A high-quality genome assembly and its detailed annotation are keys in supporting the development of genomic tools for applications in spruce breeding programs, and for improving our fundamental understanding of conifer genome structure and functions.

In previous work in the SMarTForests Project (www.smartforests.ca), we developed genome assemblies for white spruce and interior spruce genotypes used in Canadian spruce breeding programs. These and other conifer genome assemblies represent different levels of completeness. In general, improvements in assembly contiguity of conifer genomes are much needed, including improved contiguity of the genic space. This activity of the Spruce-Up Project builds on the fact that improvements in sequencing technologies and new algorithm paradigms offer opportunities to substantially improve such assemblies.

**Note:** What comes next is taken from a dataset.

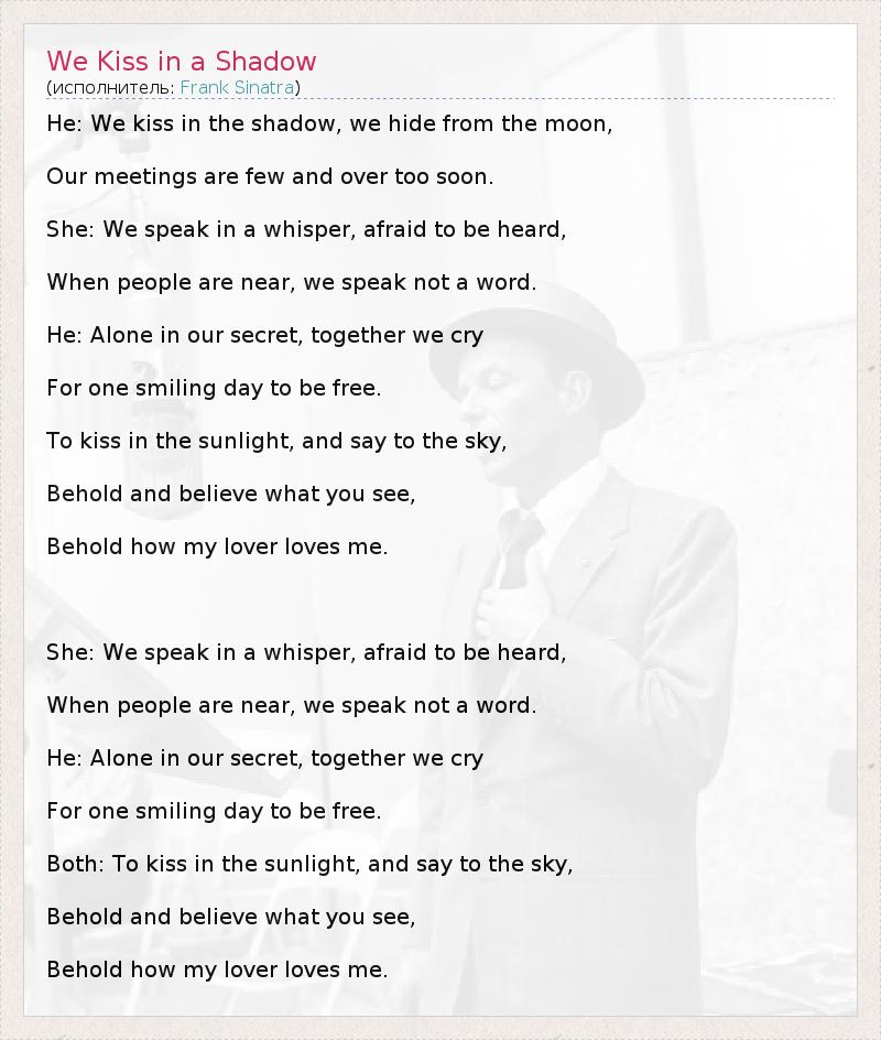 He: We kiss in the shadow, we hide from the moon, Our meetings are few and over too soon. She: We speak in a whisper, afraid to be heard, When people are near, we speak not a word. He: Alone in our secret, together we cry For one smiling day to be free. To kiss in the sunlight, and say to the sky, Behold and believe what you see, Behold how my lover loves me. She: We speak in a whisper, afraid to be heard, When people are near, we speak not a word. He: Alone in our secret, together we cry For one smiling day to be free. Both: To kiss in the sunlight, and say to the sky, Behold and believe what you see, Behold how my lover loves me.

Using established (Illumina) and new sequencing platforms (10x and Oxford Nanopore), we are generating data to bridge gaps in the existing and new spruce genome sequence assemblies for white spruce, interior spruce and Sitka spruce.

We are developing algorithms for long pseudo-read manipulation (Konnector) and focus on scaffold gap closing (Sealer) using our existing bioinformatics programs. We are developing scalable algorithms for read alignments to large non-static targets (DIDA). We are also developing a gene identifier framework that will be stable across assemblies, alleviating challenges around annotation lift-overs between assembly versions (UniqTag).


  • Deliver high-quality genome sequence assemblies for white spruce, interior spruce, and Sitka spruce.
  • Develop detailed annotations for genes and SNPs, and develop a new Sitka spruce genotyping tool, targeting gene SNPs with our partner End-Users and international collaborators.